*WHAT IS BEING ASKED*:
From the records below, transcribe only the lines running from the one with "- RESISTENCIA A" through the one with "- Guests browse". Keep both of those end lines.

*DATASET*:
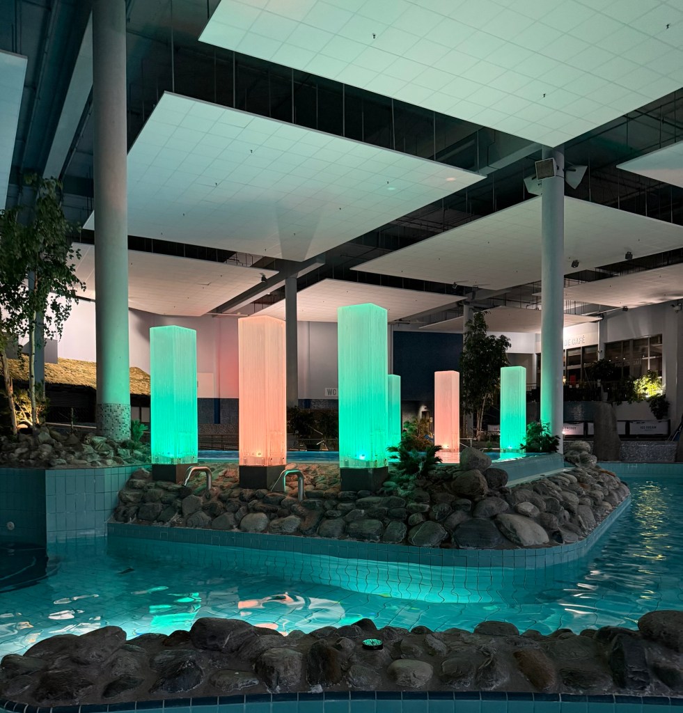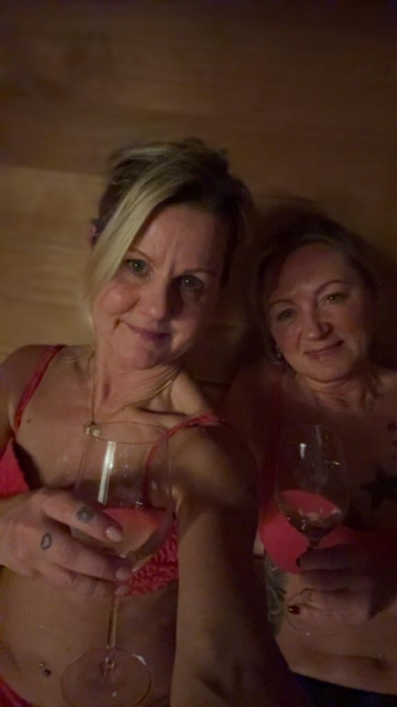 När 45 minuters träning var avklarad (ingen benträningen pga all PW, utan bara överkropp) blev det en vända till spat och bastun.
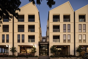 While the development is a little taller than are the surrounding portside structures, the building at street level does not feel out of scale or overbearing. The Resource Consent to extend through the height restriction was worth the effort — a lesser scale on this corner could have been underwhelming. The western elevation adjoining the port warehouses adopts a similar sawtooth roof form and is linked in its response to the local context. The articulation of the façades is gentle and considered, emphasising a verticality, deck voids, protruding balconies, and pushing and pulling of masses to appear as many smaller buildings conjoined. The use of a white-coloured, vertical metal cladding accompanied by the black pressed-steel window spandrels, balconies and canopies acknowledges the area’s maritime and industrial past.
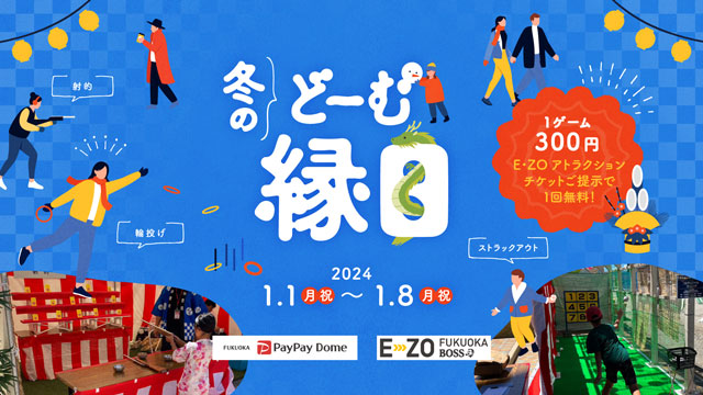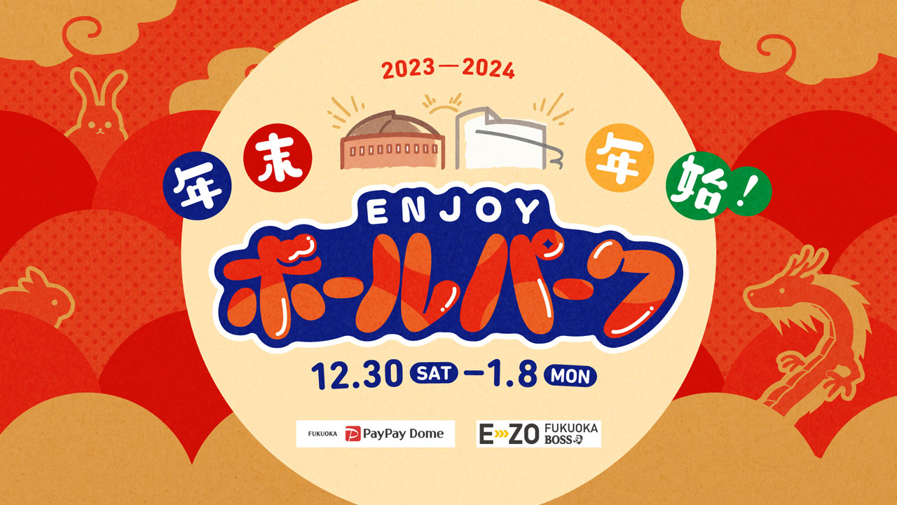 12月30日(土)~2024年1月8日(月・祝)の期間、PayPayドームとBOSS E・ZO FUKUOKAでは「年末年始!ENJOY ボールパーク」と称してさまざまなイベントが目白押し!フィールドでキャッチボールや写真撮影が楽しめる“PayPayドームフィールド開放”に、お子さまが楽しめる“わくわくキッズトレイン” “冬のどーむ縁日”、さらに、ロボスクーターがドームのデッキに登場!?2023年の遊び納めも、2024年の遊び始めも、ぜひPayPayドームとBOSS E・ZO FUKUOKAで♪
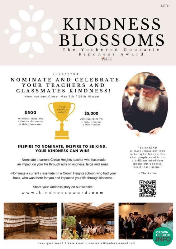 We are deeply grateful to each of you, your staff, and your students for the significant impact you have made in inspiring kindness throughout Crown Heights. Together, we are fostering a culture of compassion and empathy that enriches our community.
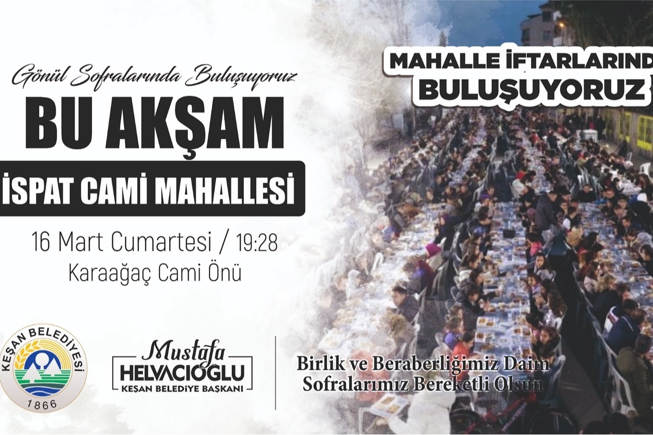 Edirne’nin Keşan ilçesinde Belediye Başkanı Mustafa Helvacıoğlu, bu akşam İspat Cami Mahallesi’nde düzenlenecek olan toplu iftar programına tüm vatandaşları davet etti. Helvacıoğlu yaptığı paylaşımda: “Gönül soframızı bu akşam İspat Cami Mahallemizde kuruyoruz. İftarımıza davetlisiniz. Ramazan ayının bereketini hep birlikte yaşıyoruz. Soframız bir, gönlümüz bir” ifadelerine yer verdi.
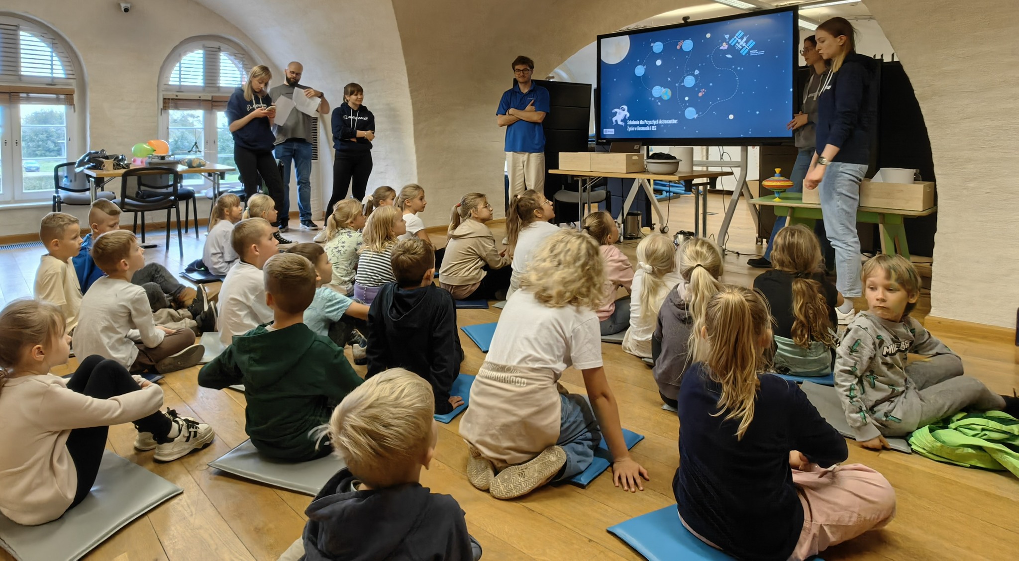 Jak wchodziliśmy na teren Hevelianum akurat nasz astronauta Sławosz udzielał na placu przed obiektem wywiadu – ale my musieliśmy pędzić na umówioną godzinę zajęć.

---

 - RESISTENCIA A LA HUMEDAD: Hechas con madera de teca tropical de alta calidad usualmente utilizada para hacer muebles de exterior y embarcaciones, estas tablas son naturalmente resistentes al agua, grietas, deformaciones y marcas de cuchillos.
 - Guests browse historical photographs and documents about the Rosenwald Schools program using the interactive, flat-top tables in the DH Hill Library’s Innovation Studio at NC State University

*ANSWER FOR THIS EXERCISE*:
 - RESISTENCIA A LA HUMEDAD: Hechas con madera de teca tropical de alta calidad usualmente utilizada para hacer muebles de exterior y embarcaciones, estas tablas son naturalmente resistentes al agua, grietas, deformaciones y marcas de cuchillos.
 - Guests browse historical photographs and documents about the Rosenwald Schools program using the interactive, flat-top tables in the DH Hill Library’s Innovation Studio at NC State University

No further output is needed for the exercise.